2011.08.28.「GoodComicCity」にて無料配布。

「だからいつも言ってますけど、虎徹さんは危機管理能力だとか、自分がどう他人に見られているかという自覚が無いというか。普段から僕が言ってるじゃないですか。もっと周りの目を気にして下さいって。今考えたら、本当初めてお姫様抱っこした時も思ったんですが、普通ならあの場合、何らかのアクションを起こしていいと思うんです。普通ならば。なのに虎徹さんはというと、顔を手で覆うなんて普通やりませんから。何ですかあれ。恥じらう乙女ですか? 今思えば腹立たしい。いや、僕は確かにあの瞬間から『なんだ、このオジサン』って思いましたよ。思いましたけど、それと同時に、その、あれですよ……とにかく、もう少し自覚を持って下さいって何度も言ってますよね。それに僕から言わせてもらえばその服装も納得いかないんですよ。なんですかそれ。腰ほっそいし、目立つし。いつも僕がどれだけ後ろから抱きしめたい衝動を抑えてるかわかります? 隣歩いてても、腕伸ばして引き寄せて、そのままキスしたいとか思ってるんですよ。思わないほうがおかしいですよ。その衝動を堪えて堪えて堪えてるっていうのに、虎徹さんはこっちの気も知らないで写真撮影の時とか肩組んでくるし、こっちに身体寄せてくるし。だからどんな状況下に陥っても、虎徹さんが止めろという権利は皆無なんです、皆無。わかりますか、聞いてますか?」
「あーうん。聞いてる。聞いてるから、バニーちゃん、ちょっと落ち着こうか」
 うんうん、と頷きながら、虎徹は真横で目を赤らめ力説していたバーナビーの肩をポンポンと叩いた。

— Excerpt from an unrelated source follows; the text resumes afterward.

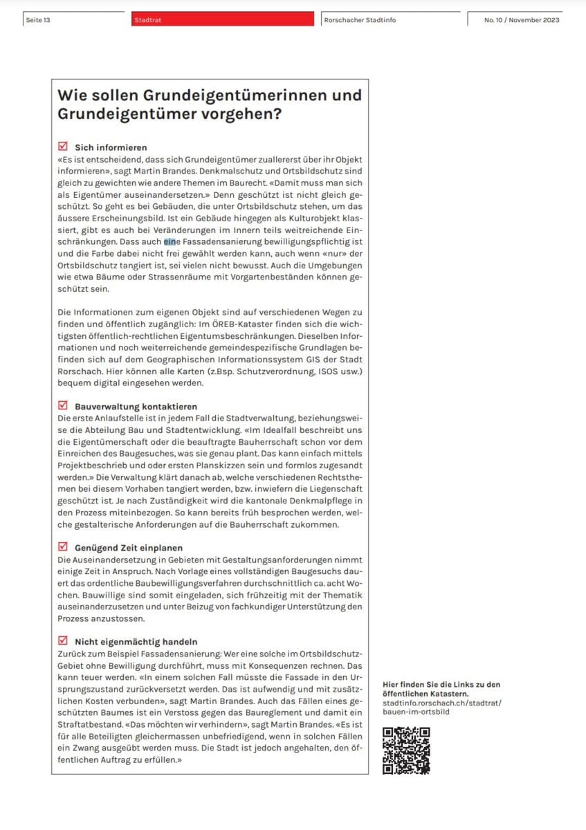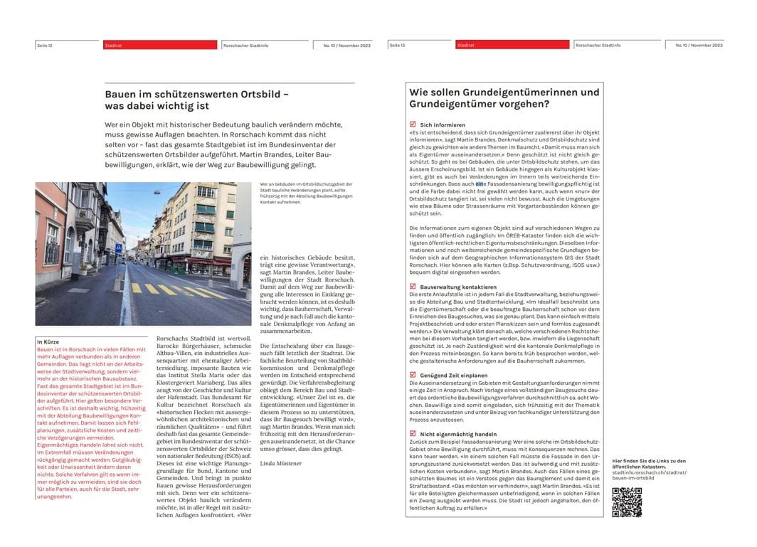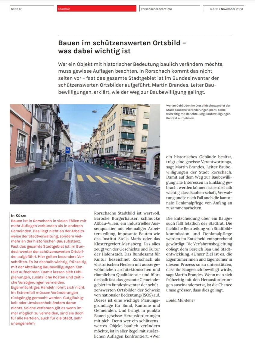 Auf den Seiten 12 und 13 erklärt Linda Müntener, was wichtig ist, wenn man in einem schützenswerten Ortsbild bauen will. Den ganzen Artikel finden Interessierte auch hier.

 時は夕暮れ、場所は虎徹の部屋。珍しい来客は泥酔中。
「いいですか? 虎徹さんは気づいていないだけであって、気づいてる人は気づいてるんですよ。どれだけ魅力的か。僕からしたら虎徹さんは本当に本当に、ほんっとぉに……」
「なんだよ」
「好きです、愛してます」
 何度か酒を飲んだこともあるし、何度も身体を重ねたこともある一応現在の相棒であり恋人であるバーナビーだが、正直これほどの乱れっぷりを露呈させているのは初めてだった。だから虎徹は対処に困り、話を適当に聞きながら頷くだけにしていたのだが、どんどん支離滅裂になり、終いにはこれだ。突然何を言い出すのかわからない。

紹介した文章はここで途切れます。